• [REQUIREMENT]
An exact copy of the listing below is needed, with no pictures in it.

• [ENTRIES SHOWN]
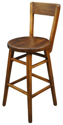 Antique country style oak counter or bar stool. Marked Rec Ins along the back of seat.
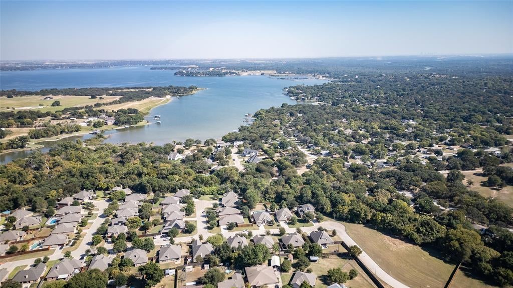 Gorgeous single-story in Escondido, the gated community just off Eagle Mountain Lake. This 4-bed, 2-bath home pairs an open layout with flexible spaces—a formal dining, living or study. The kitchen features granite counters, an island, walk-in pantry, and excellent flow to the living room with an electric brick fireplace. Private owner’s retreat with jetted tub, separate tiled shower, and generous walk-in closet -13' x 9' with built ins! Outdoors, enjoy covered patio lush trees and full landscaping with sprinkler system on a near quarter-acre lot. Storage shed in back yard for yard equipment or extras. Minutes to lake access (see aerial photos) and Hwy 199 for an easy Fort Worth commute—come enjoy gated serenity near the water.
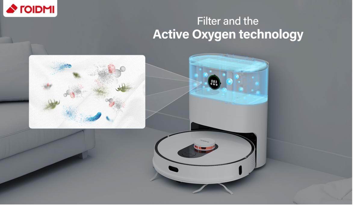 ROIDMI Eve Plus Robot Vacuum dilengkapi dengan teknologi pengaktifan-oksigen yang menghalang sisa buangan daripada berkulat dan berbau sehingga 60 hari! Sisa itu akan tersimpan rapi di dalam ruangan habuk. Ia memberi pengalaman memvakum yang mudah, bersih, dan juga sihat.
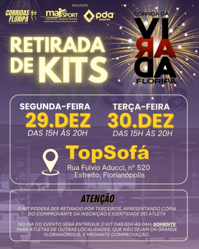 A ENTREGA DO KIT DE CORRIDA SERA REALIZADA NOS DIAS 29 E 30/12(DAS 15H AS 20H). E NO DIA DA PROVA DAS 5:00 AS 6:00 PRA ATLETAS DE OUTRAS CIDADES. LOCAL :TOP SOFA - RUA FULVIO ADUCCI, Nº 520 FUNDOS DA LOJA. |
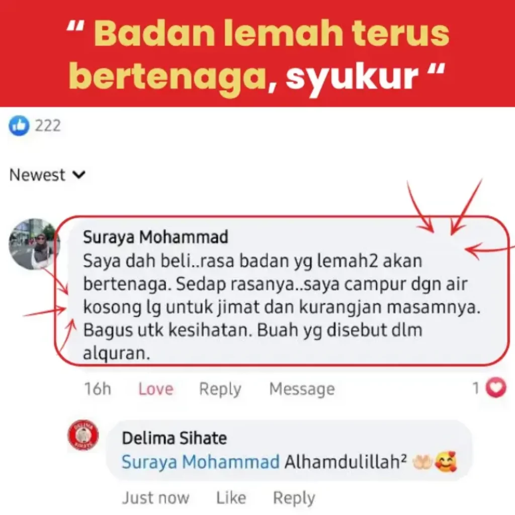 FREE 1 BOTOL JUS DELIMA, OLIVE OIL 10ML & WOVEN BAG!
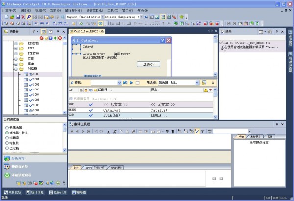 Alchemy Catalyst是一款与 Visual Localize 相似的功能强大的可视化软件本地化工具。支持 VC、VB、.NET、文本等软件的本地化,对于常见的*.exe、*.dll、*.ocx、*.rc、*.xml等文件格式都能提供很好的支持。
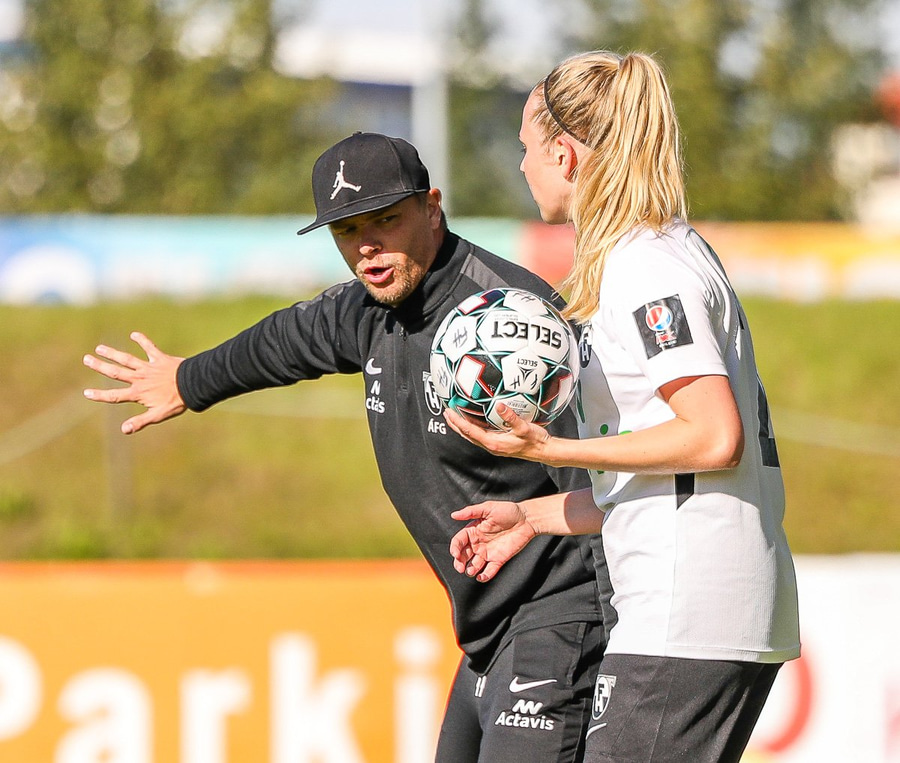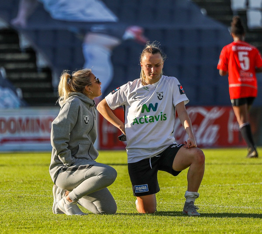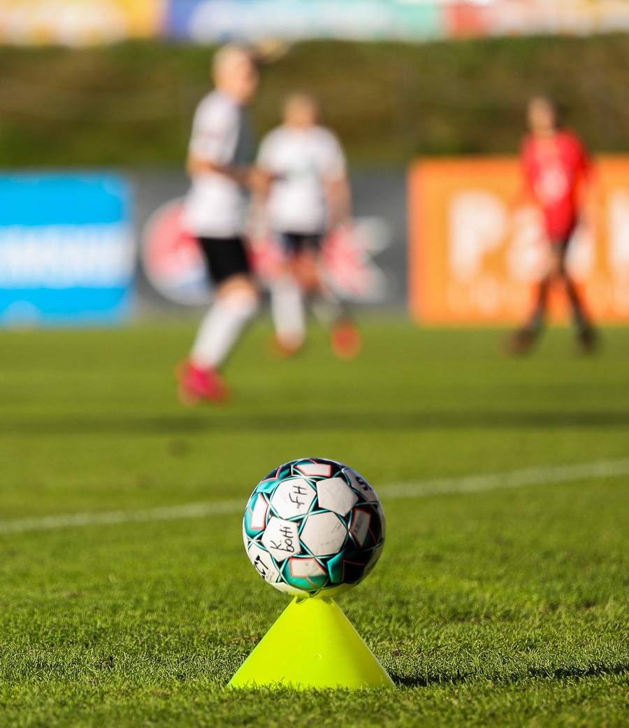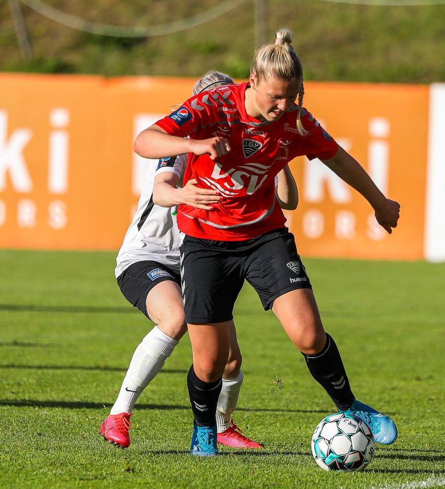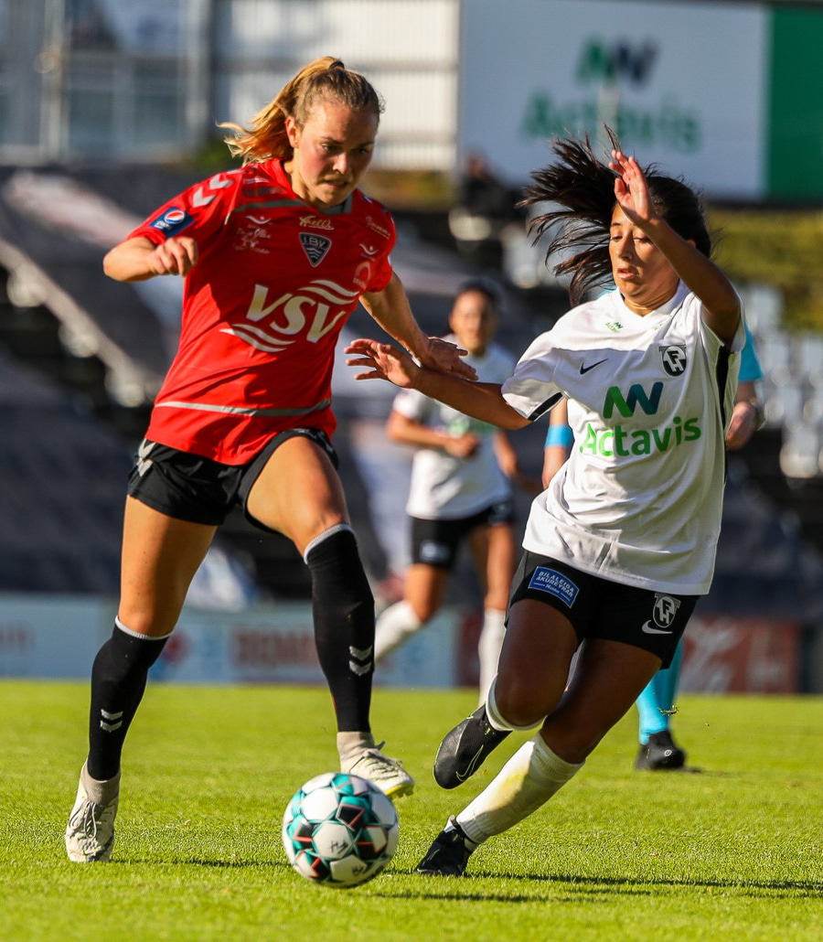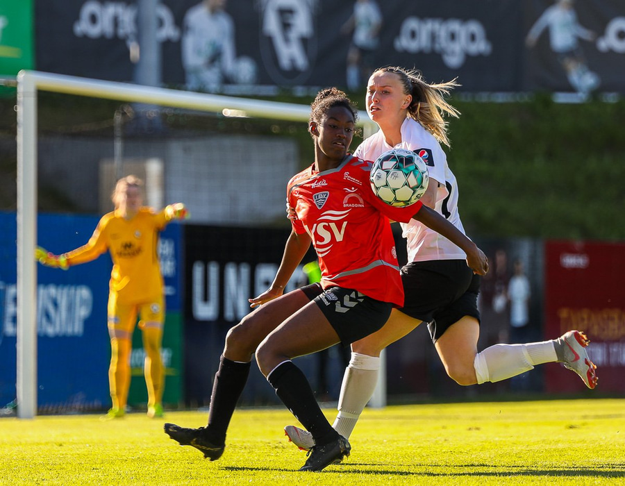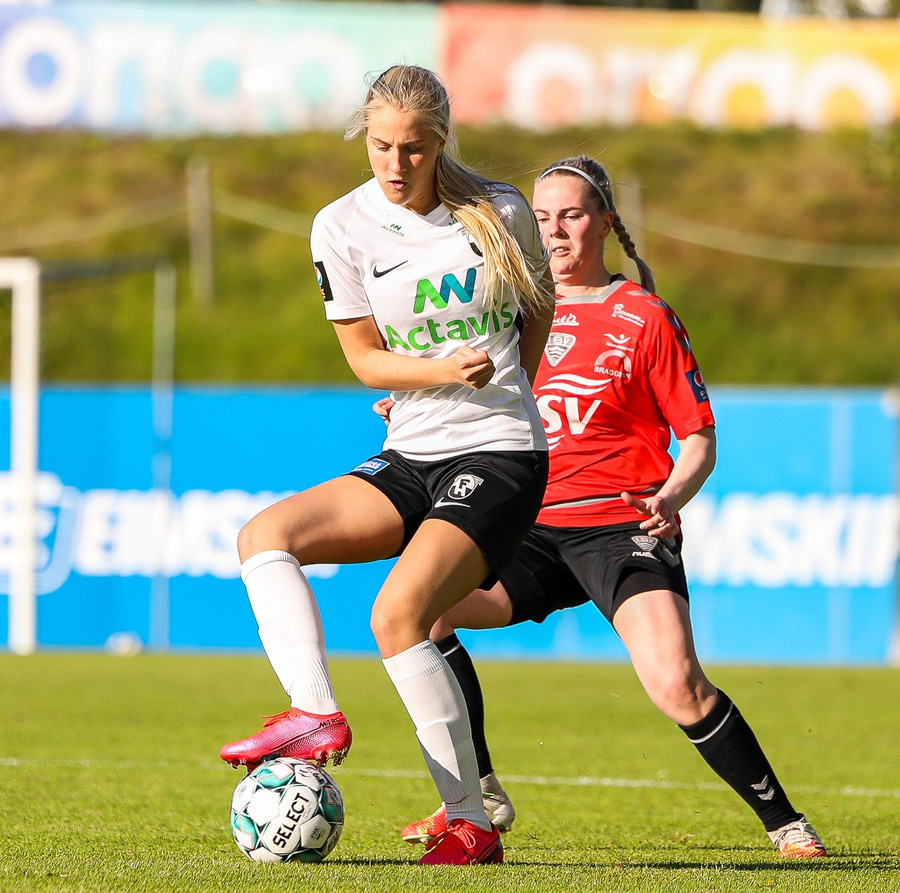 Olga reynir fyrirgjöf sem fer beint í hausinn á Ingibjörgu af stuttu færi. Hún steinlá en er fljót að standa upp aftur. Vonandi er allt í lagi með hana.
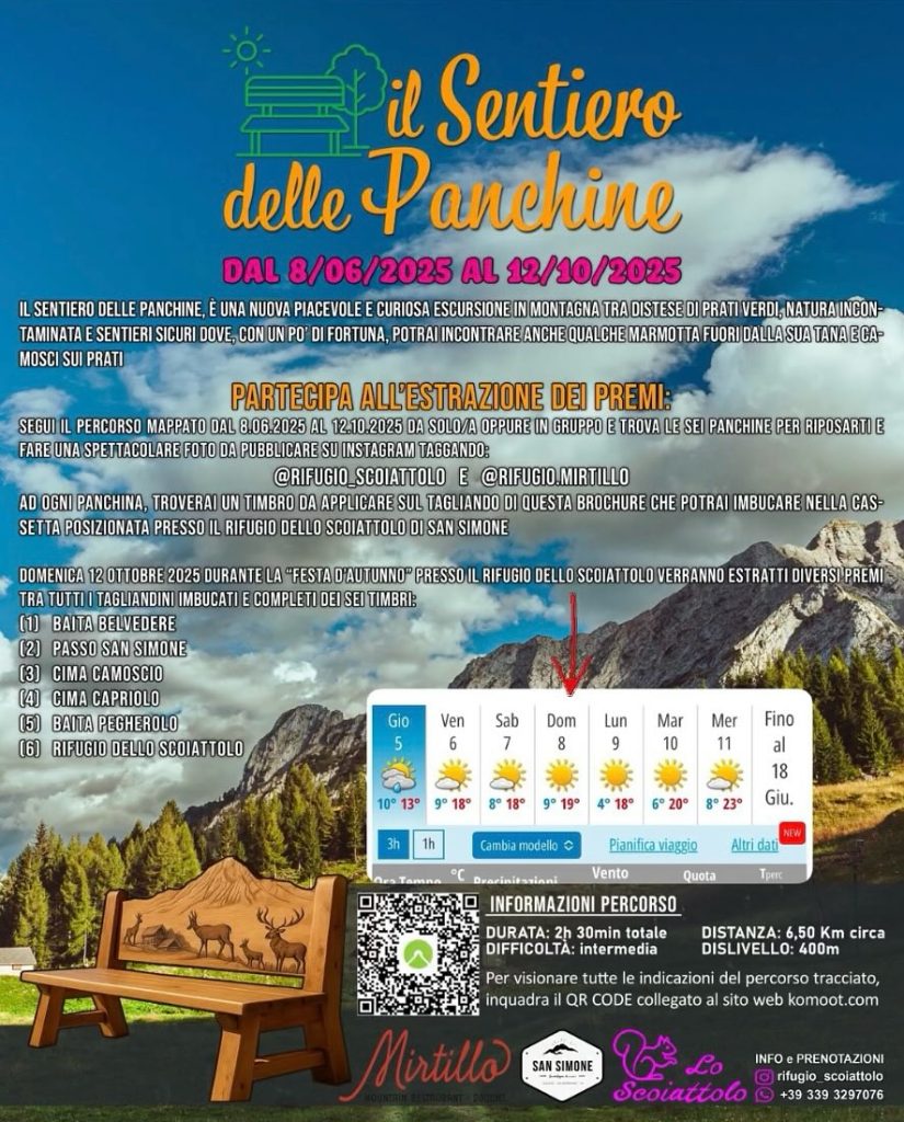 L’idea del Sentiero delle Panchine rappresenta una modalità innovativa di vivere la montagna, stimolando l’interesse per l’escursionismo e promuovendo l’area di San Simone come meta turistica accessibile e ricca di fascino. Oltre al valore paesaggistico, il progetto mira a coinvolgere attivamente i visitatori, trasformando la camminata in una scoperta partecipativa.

• [EXERCISE RESULT]
 Antique country style oak counter or bar stool. Marked Rec Ins along the back of seat.
 Gorgeous single-story in Escondido, the gated community just off Eagle Mountain Lake. This 4-bed, 2-bath home pairs an open layout with flexible spaces—a formal dining, living or study. The kitchen features granite counters, an island, walk-in pantry, and excellent flow to the living room with an electric brick fireplace. Private owner’s retreat with jetted tub, separate tiled shower, and generous walk-in closet -13' x 9' with built ins! Outdoors, enjoy covered patio lush trees and full landscaping with sprinkler system on a near quarter-acre lot. Storage shed in back yard for yard equipment or extras. Minutes to lake access (see aerial photos) and Hwy 199 for an easy Fort Worth commute—come enjoy gated serenity near the water.
 ROIDMI Eve Plus Robot Vacuum dilengkapi dengan teknologi pengaktifan-oksigen yang menghalang sisa buangan daripada berkulat dan berbau sehingga 60 hari! Sisa itu akan tersimpan rapi di dalam ruangan habuk. Ia memberi pengalaman memvakum yang mudah, bersih, dan juga sihat.
 A ENTREGA DO KIT DE CORRIDA SERA REALIZADA NOS DIAS 29 E 30/12(DAS 15H AS 20H). E NO DIA DA PROVA DAS 5:00 AS 6:00 PRA ATLETAS DE OUTRAS CIDADES. LOCAL :TOP SOFA - RUA FULVIO ADUCCI, Nº 520 FUNDOS DA LOJA. |
 FREE 1 BOTOL JUS DELIMA, OLIVE OIL 10ML & WOVEN BAG!
 Alchemy Catalyst是一款与 Visual Localize 相似的功能强大的可视化软件本地化工具。支持 VC、VB、.NET、文本等软件的本地化,对于常见的*.exe、*.dll、*.ocx、*.rc、*.xml等文件格式都能提供很好的支持。
 Olga reynir fyrirgjöf sem fer beint í hausinn á Ingibjörgu af stuttu færi. Hún steinlá en er fljót að standa upp aftur. Vonandi er allt í lagi með hana.
 L’idea del Sentiero delle Panchine rappresenta una modalità innovativa di vivere la montagna, stimolando l’interesse per l’escursionismo e promuovendo l’area di San Simone come meta turistica accessibile e ricca di fascino. Oltre al valore paesaggistico, il progetto mira a coinvolgere attivamente i visitatori, trasformando la camminata in una scoperta partecipativa.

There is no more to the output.